» What is required
An exact copy of the data is needed, one that excludes all pictures.

» Available data
—————

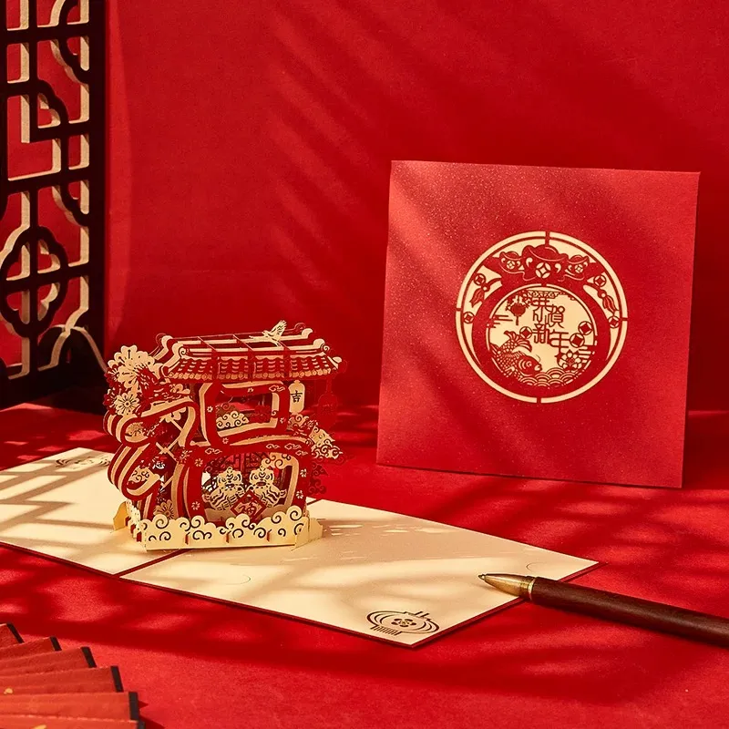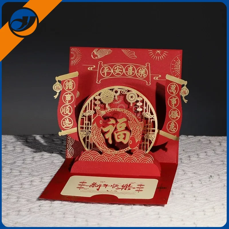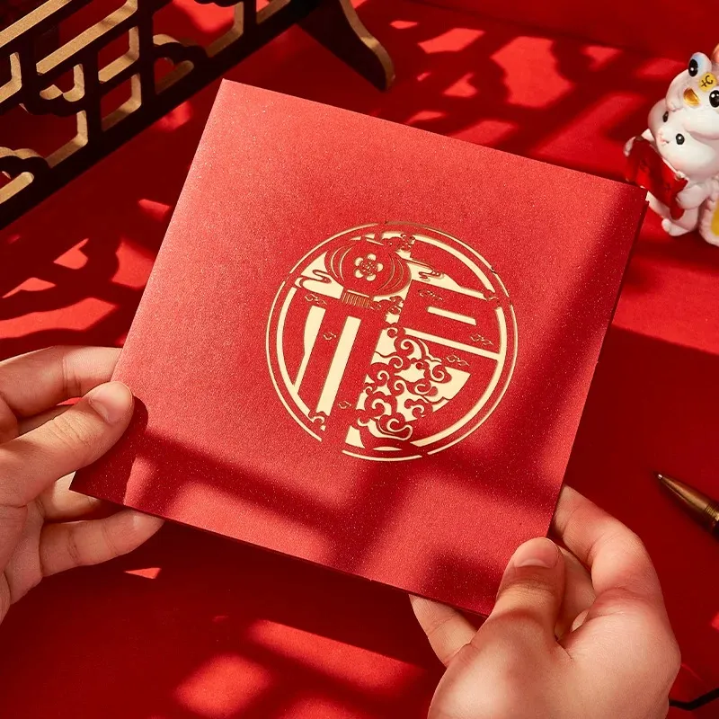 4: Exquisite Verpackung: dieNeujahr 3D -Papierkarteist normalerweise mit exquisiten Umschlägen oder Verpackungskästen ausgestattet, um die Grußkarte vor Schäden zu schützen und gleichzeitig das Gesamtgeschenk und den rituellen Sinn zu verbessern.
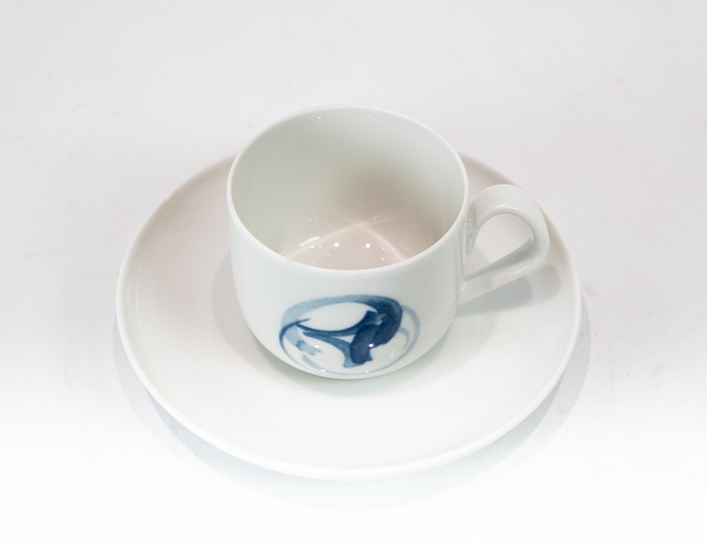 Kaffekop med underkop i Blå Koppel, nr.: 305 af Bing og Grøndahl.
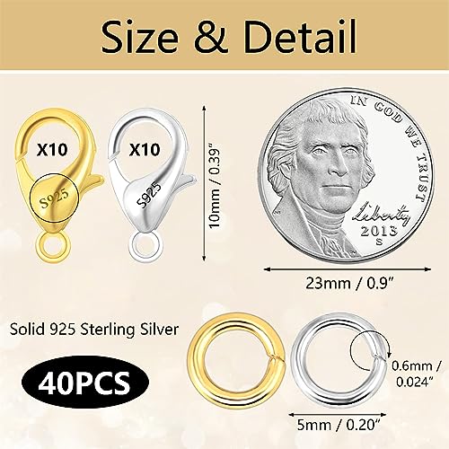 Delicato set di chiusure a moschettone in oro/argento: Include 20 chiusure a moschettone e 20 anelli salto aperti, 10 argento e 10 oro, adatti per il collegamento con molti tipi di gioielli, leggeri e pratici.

—————

» Output of the exercise
 4: Exquisite Verpackung: dieNeujahr 3D -Papierkarteist normalerweise mit exquisiten Umschlägen oder Verpackungskästen ausgestattet, um die Grußkarte vor Schäden zu schützen und gleichzeitig das Gesamtgeschenk und den rituellen Sinn zu verbessern.
 Kaffekop med underkop i Blå Koppel, nr.: 305 af Bing og Grøndahl.
 Delicato set di chiusure a moschettone in oro/argento: Include 20 chiusure a moschettone e 20 anelli salto aperti, 10 argento e 10 oro, adatti per il collegamento con molti tipi di gioielli, leggeri e pratici.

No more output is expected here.